EXERCISE DATA:
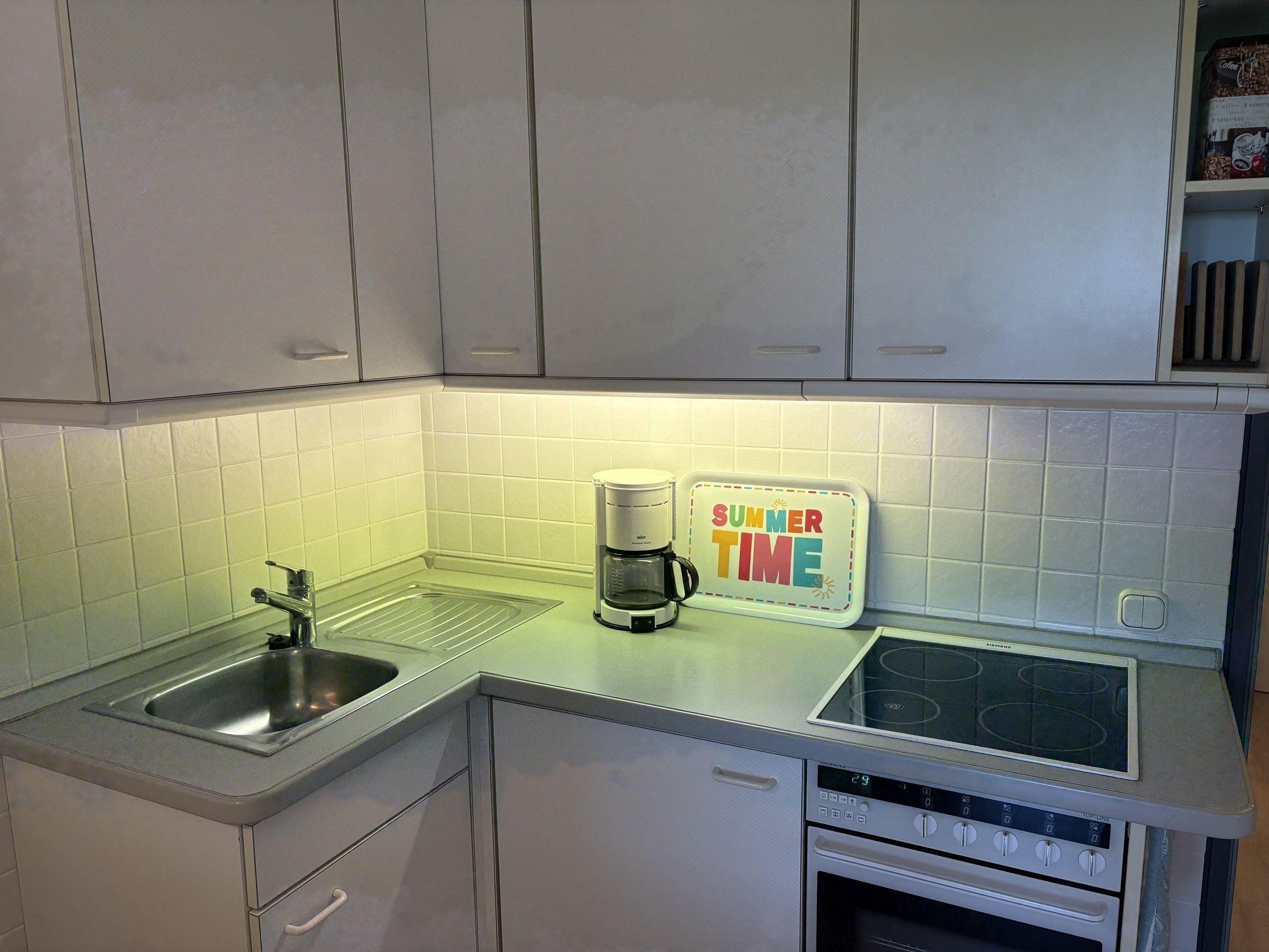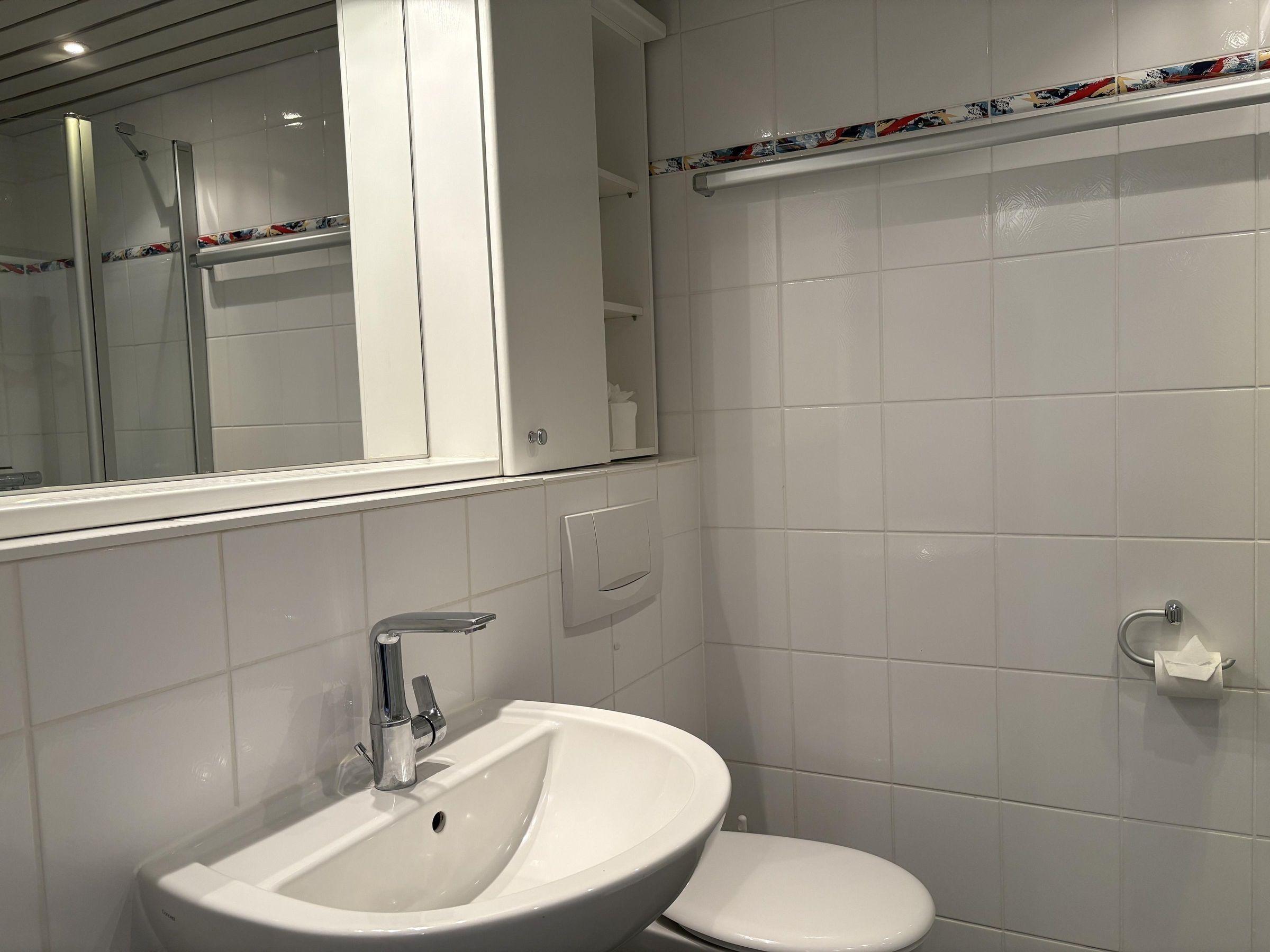 Das Badezimmer ist modern gestaltet und bietet die notwendige Ausstattung für den täglichen Gebrauch. Die offene Gestaltung der Räume sorgt für ein helles und freundliches Ambiente. Die Küche ist funktional eingerichtet und lädt dazu ein, selbst Mahlzeiten zuzubereiten. Die gesamte Wohnung ist geschmackvoll eingerichtet und bietet ausreichend Stauraum.
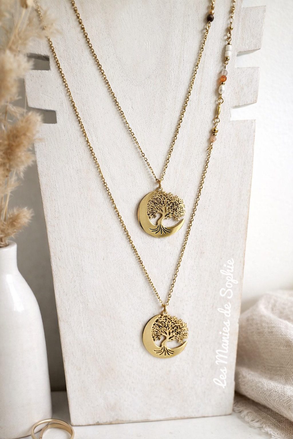 Un seul collier à effet de chaînes superposées, avec un pendentif en forme de soleil turquoise, de pierres naturelles d’Amazonite du Brésil et de petites pampilles dorées. Une pièce unique qui donne l’illusion de plusieurs rangs.
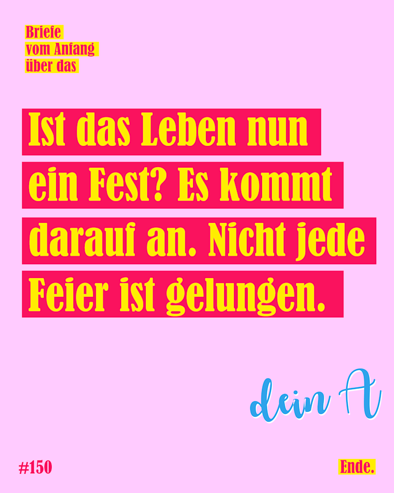 Liebe S., Ist das Leben nun ein Fest? Es kommt darauf an. Nicht jede Feier ist gelungen. Dein A.
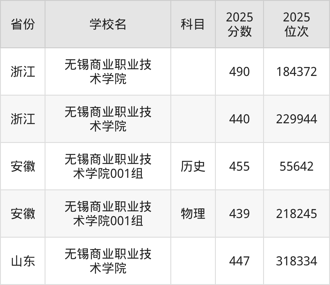 2025年无锡商业职业技术学院历史类最低分435分(17034名)、物理类最低分369分(54634名)。

TASK STATEMENT: Copy out all the data above exactly, minus the images.

YOUR RESPONSE:
 Das Badezimmer ist modern gestaltet und bietet die notwendige Ausstattung für den täglichen Gebrauch. Die offene Gestaltung der Räume sorgt für ein helles und freundliches Ambiente. Die Küche ist funktional eingerichtet und lädt dazu ein, selbst Mahlzeiten zuzubereiten. Die gesamte Wohnung ist geschmackvoll eingerichtet und bietet ausreichend Stauraum.
 Un seul collier à effet de chaînes superposées, avec un pendentif en forme de soleil turquoise, de pierres naturelles d’Amazonite du Brésil et de petites pampilles dorées. Une pièce unique qui donne l’illusion de plusieurs rangs.
 Liebe S., Ist das Leben nun ein Fest? Es kommt darauf an. Nicht jede Feier ist gelungen. Dein A.
 2025年无锡商业职业技术学院历史类最低分435分(17034名)、物理类最低分369分(54634名)。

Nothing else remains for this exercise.